*WHAT IS BEING ASKED*: Please return every record exactly as written, leaving out the pictures.
(SOURCE INFORMATION Opens)
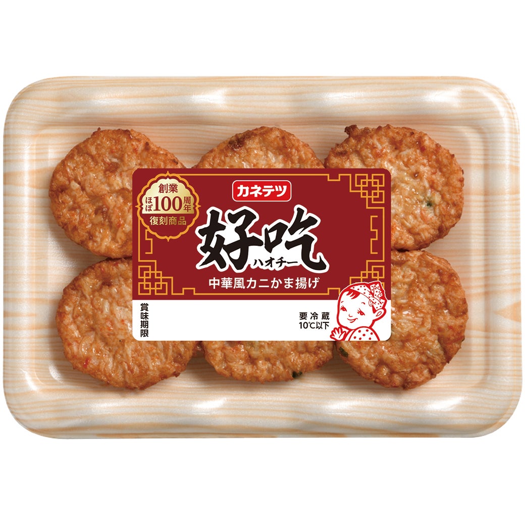 約30年振りに復刻発売!カネテツデリカフーズの社員が選んだ「もう一度食べたいカネテツ商品」第1位商品を令和風にアレンジしてリバイバル。ごま油の香ばしさが、カニかまと野菜(玉ねぎ、キャベツ、青ネギ)の旨味を引き立てる、ひとくちサイズのカニかま揚げ。味わいはもちろん、パッケージも当時の面影を残したものに仕上げました。
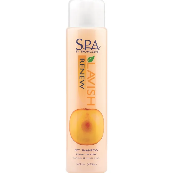 Give your pet pal a spa-worthy experience right at home with the TropiClean Spa Renew Shampoo for Dogs & Cats. It has ginger and white plum that leaves hair shiny and manageable, with oatmeal to soothe itchy skin. Designed to energize and restore health, this shampoo will nourish and restore your petโs skin and coat while leaving them with a long-lasting, fruity, floral scent. Follow it with Spa Nourish Conditioner and Spa Renew Cologne for a truly pampered pet!
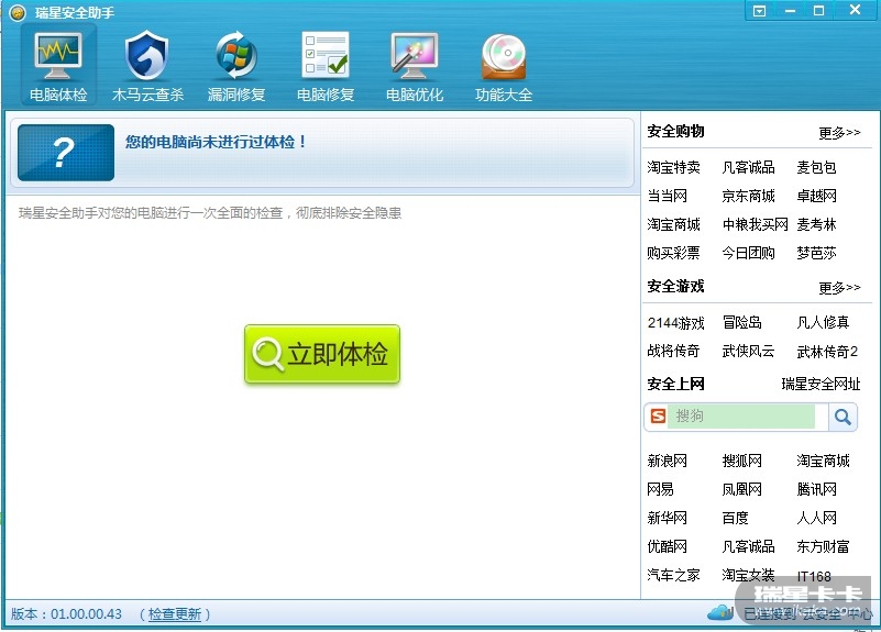 您操作系统是多少位的?请查看瑞星安全助手安装目录下是否有.dmp格式文件,如果有请您上传。
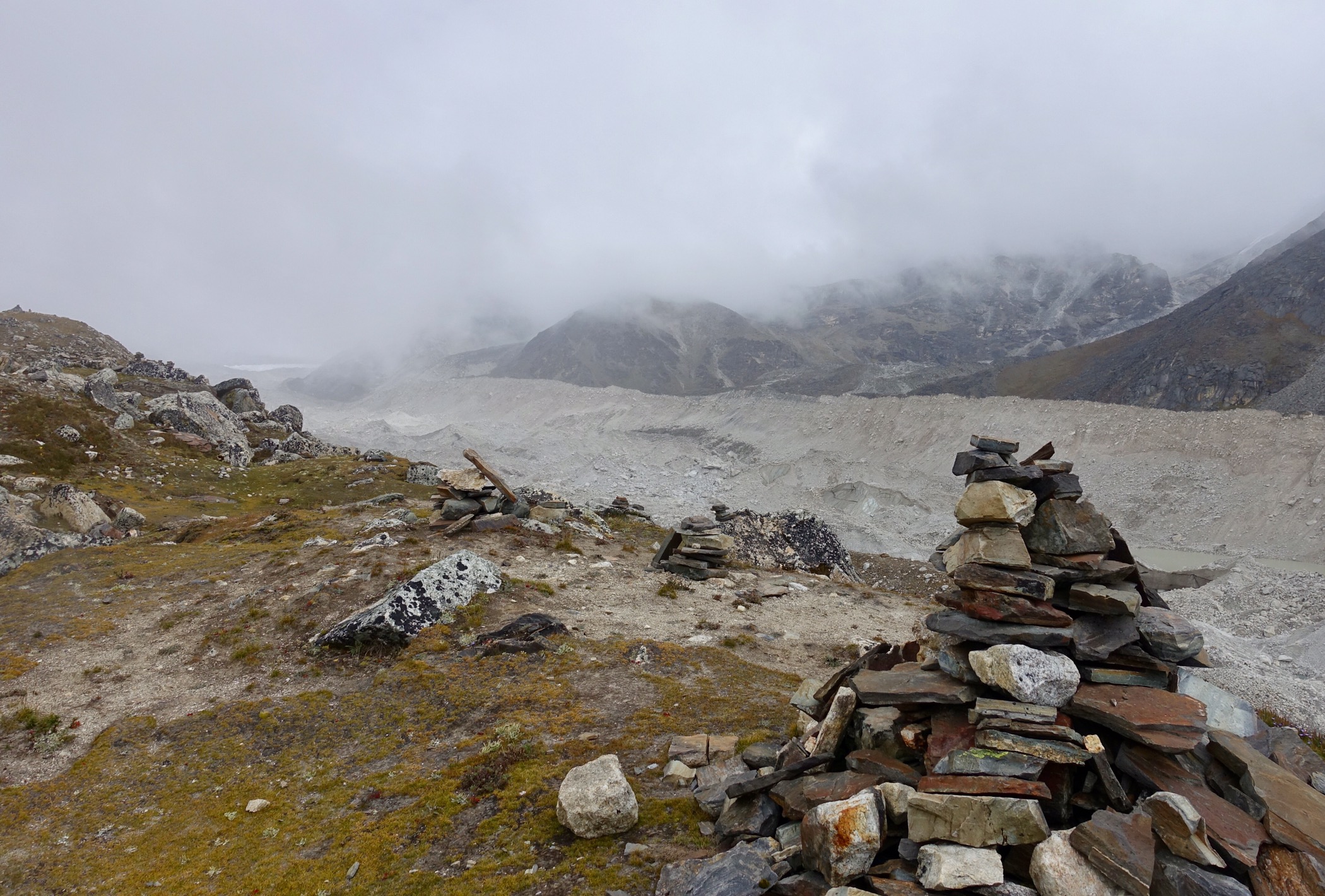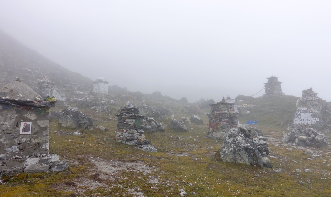In mystischer Stimmung, aufgrund des Nebels, ging’s langsam und behäbig von Dingboche 500hm hoch nach Lobuche (4900m). Unterwegs trafen wir auf diverse Gedenksteine von verunglückten Gipfelstürmern. Am Tagesziel angekommen waren wir positiv überrascht über die sehr komfortable Unterkunft auf DIESER Höhe. Die sympathischen Gastgeber sprechen sogar deutsch mit Wiener Akzent!
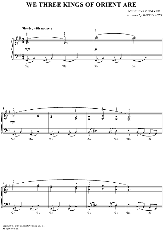 Digital Sheet Music for We Three Kings Of Orient Are by Martha Mier, John Henry Hopkins scored for Piano; id:462945
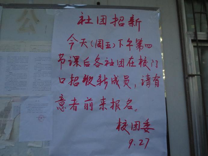 9月28日下午,在校團(tuán)委的精心組織下,我校各社團(tuán)招新拉開(kāi)帷幕。招新場(chǎng)面火爆,全校13個(gè)社團(tuán)共招納新成員1000多人。(校團(tuán)委)
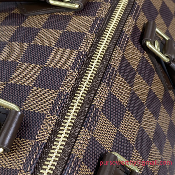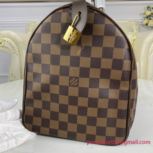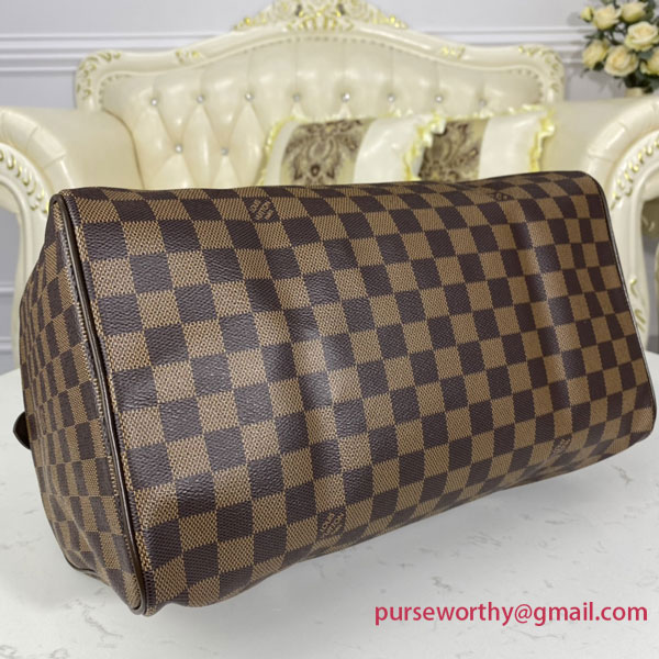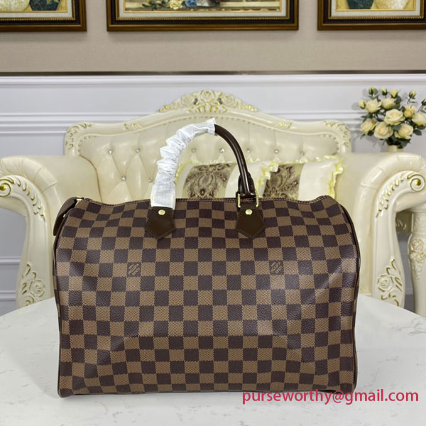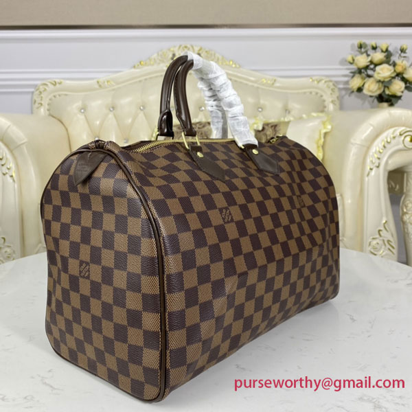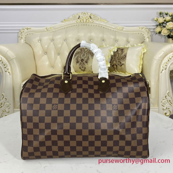 Made from elegant Damier Ebene canvas, the Speedy 35 is a stylish handbag for both travel and daily use. Launched in 1930 as the "Express" and inspired by that era's rapid transit, today’s updated Speedy remains a timeless House icon, with its unmistakable silhouette, rolled leather handles and engraved, signature padlock.
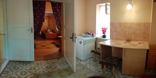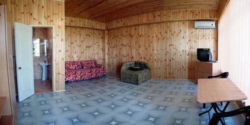 Один номер двухкомнатный номер, номер-студио, с санузлом в номере диван, кровать двухспальная, холодильник, телевизор, 2 балкона с изумительным видом на море и горы.. В номере кондиционер, мебель. Кухня общая во дворе.
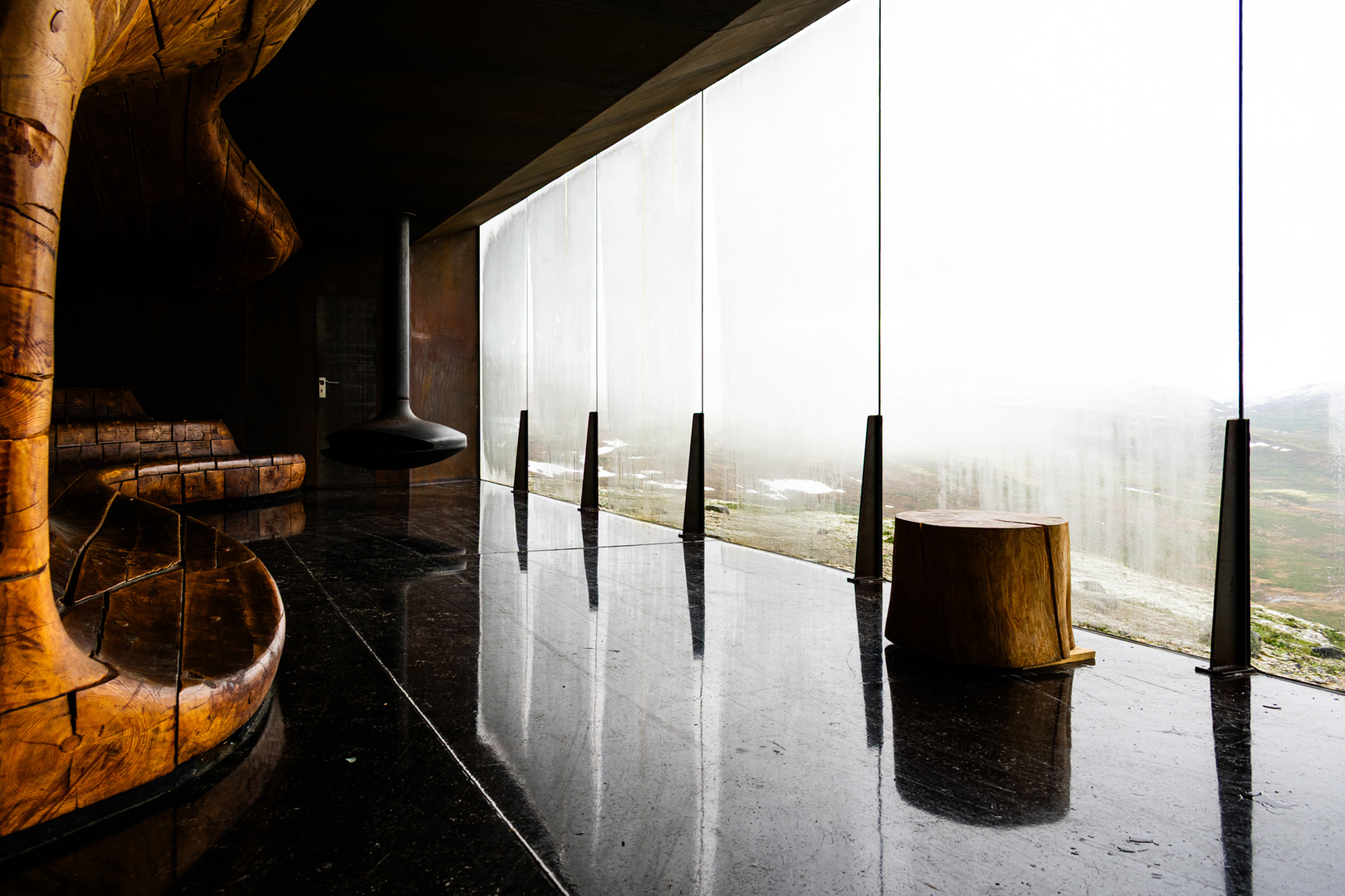 Inderdaad, het paviljoen zit vol contrasten. De cleane balk in een heel weerbarstig klimaat. De stijve buitenschil van ruw staal en zijn zachte organische binnenzijde. De warme, veilige cocon tegenover het koud, wijdopen landschap. De eenzame toeristen in een doodse, winterse stilte.
(SOURCE INFORMATION Closes)
*RESULT*:
 約30年振りに復刻発売!カネテツデリカフーズの社員が選んだ「もう一度食べたいカネテツ商品」第1位商品を令和風にアレンジしてリバイバル。ごま油の香ばしさが、カニかまと野菜(玉ねぎ、キャベツ、青ネギ)の旨味を引き立てる、ひとくちサイズのカニかま揚げ。味わいはもちろん、パッケージも当時の面影を残したものに仕上げました。
 Give your pet pal a spa-worthy experience right at home with the TropiClean Spa Renew Shampoo for Dogs & Cats. It has ginger and white plum that leaves hair shiny and manageable, with oatmeal to soothe itchy skin. Designed to energize and restore health, this shampoo will nourish and restore your petโs skin and coat while leaving them with a long-lasting, fruity, floral scent. Follow it with Spa Nourish Conditioner and Spa Renew Cologne for a truly pampered pet!
 您操作系统是多少位的?请查看瑞星安全助手安装目录下是否有.dmp格式文件,如果有请您上传。
In mystischer Stimmung, aufgrund des Nebels, ging’s langsam und behäbig von Dingboche 500hm hoch nach Lobuche (4900m). Unterwegs trafen wir auf diverse Gedenksteine von verunglückten Gipfelstürmern. Am Tagesziel angekommen waren wir positiv überrascht über die sehr komfortable Unterkunft auf DIESER Höhe. Die sympathischen Gastgeber sprechen sogar deutsch mit Wiener Akzent!
 Digital Sheet Music for We Three Kings Of Orient Are by Martha Mier, John Henry Hopkins scored for Piano; id:462945
 9月28日下午,在校團(tuán)委的精心組織下,我校各社團(tuán)招新拉開(kāi)帷幕。招新場(chǎng)面火爆,全校13個(gè)社團(tuán)共招納新成員1000多人。(校團(tuán)委)
 Made from elegant Damier Ebene canvas, the Speedy 35 is a stylish handbag for both travel and daily use. Launched in 1930 as the "Express" and inspired by that era's rapid transit, today’s updated Speedy remains a timeless House icon, with its unmistakable silhouette, rolled leather handles and engraved, signature padlock.
 Один номер двухкомнатный номер, номер-студио, с санузлом в номере диван, кровать двухспальная, холодильник, телевизор, 2 балкона с изумительным видом на море и горы.. В номере кондиционер, мебель. Кухня общая во дворе.
 Inderdaad, het paviljoen zit vol contrasten. De cleane balk in een heel weerbarstig klimaat. De stijve buitenschil van ruw staal en zijn zachte organische binnenzijde. De warme, veilige cocon tegenover het koud, wijdopen landschap. De eenzame toeristen in een doodse, winterse stilte.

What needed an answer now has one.